Malaysia’s Health Director-General today declared that the country is in recovery phase. So did Australia, New Zealand, Germany, China and other countries, who are slowly opening up. Over in Sydney, the Bondi Beach is now open again, and Australians are now planning when should children start going back to schools and people can start going back to work.
These countries who have seen successful lockdowns are restarting their economy and possibly opening up borders to “whitelisted” countries and rejuvenate tourism. In short, money is coming back.
Unfortunately for Singapore, the PAP government tried to tag along with others by announcing the country will lift lockdown measures by June 1st. The June 1st commitment was made after the government failed an earlier promise to open up by May 4th.
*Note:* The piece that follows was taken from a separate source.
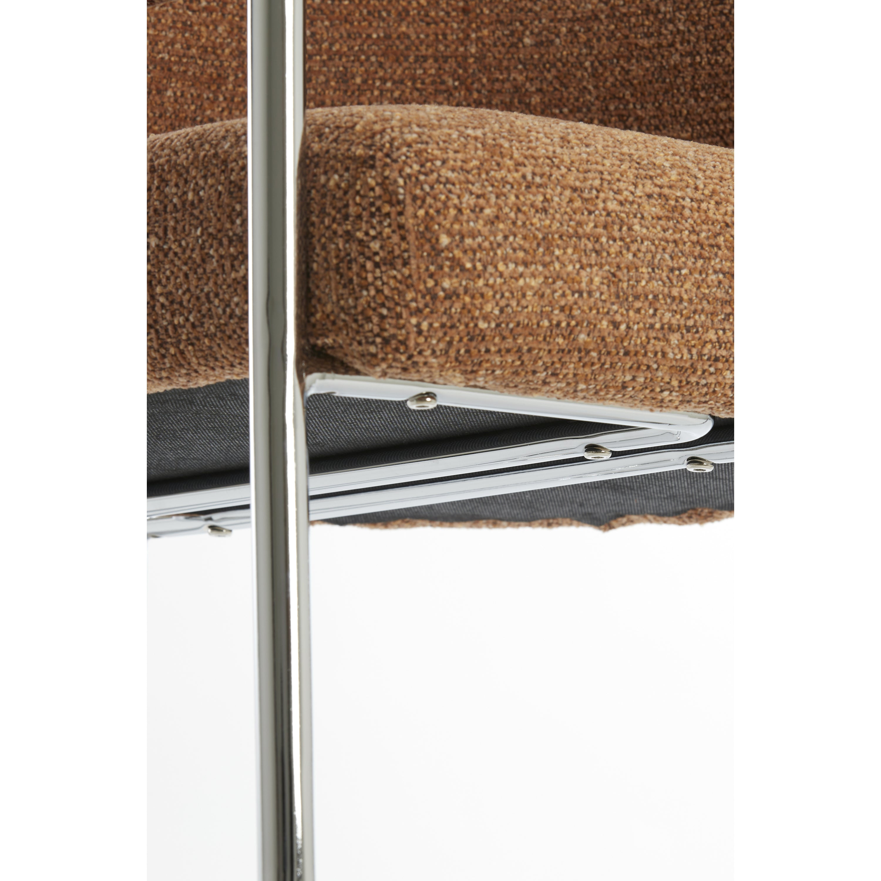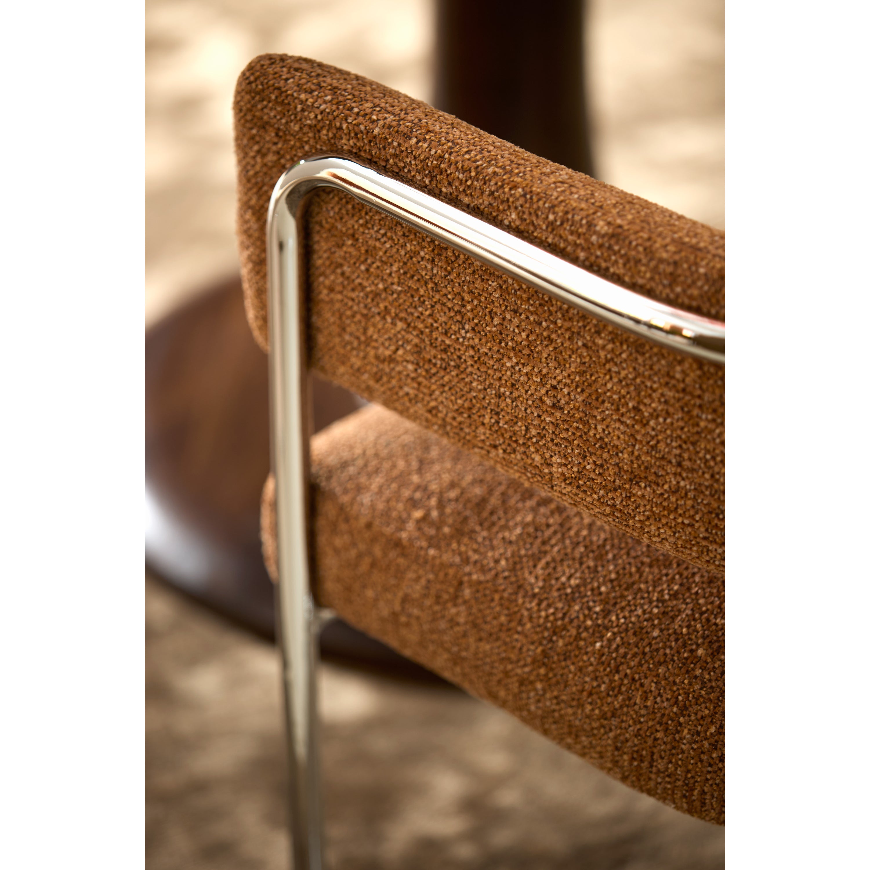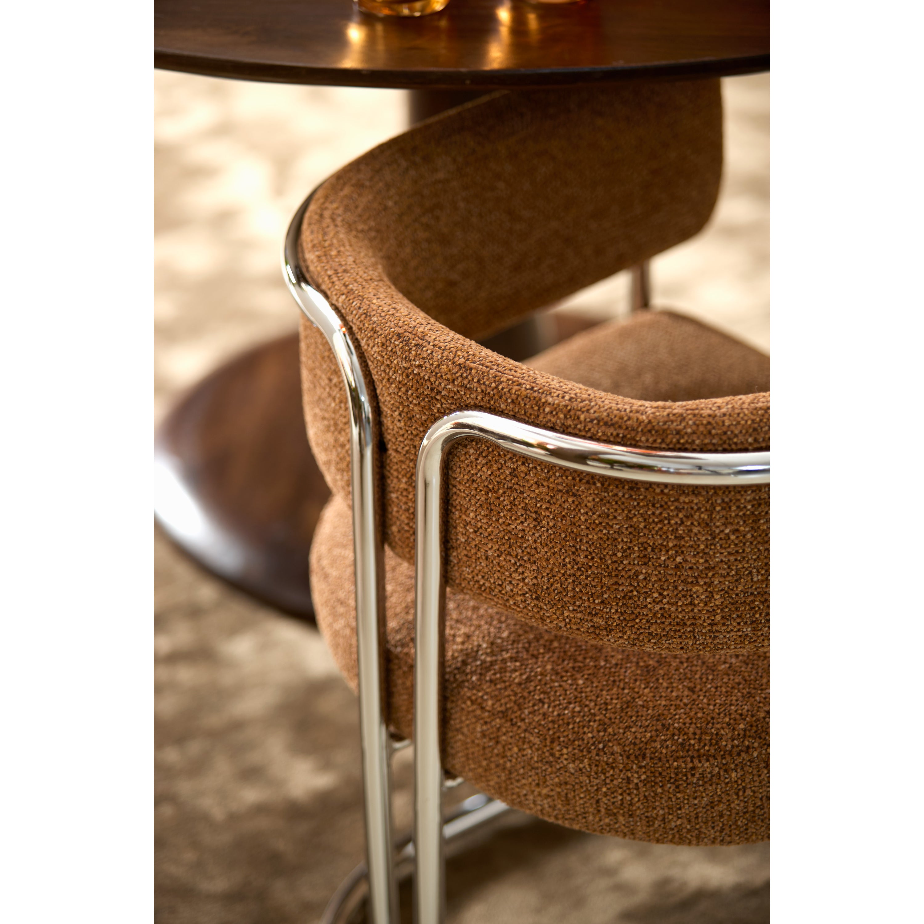 Het glanzende chroom frame van de ADANTE eetkamerstoel zorgt voor een strakke en moderne afwerking die de stoel een luxueuze uitstraling geeft. Het chroom voegt niet alleen een eigentijdse touch toe, maar is ook praktisch, omdat het gemakkelijk te onderhouden is en een lange levensduur heeft. Het contrast tussen de warme karamelkleurige zitting en het koele, glanzende chroom maakt de stoel tot een echt statement stuk in je eetkamer.

With an average of over a thousand new cases made each day, the Singapore government must be mad to even decide on the opening date. Effort should first be focused on combating the coronavirus, before giving Singaporeans false hopes of opening.
The Singapore Ministry of Health even publish fake news about controlling the virus by excluding foreign worker infections. Common sense however says that lockdown will still stay even if there is zero citizen infection while there are still hundreds of foreign worker infections.
No country will fly to Singapore just because the infections are only affecting foreign workers.
It is a race against time. If the Singapore government still does not treat the foreign worker infection seriously, the lockdown will stretch as far from 3 months to a year. This means the world would have returned to normal, except Singapore. Foreign investors and businesses will vacate the island, and put their investments into somewhere safer. When that happened, Singapore may never recover even after the outbreak settled.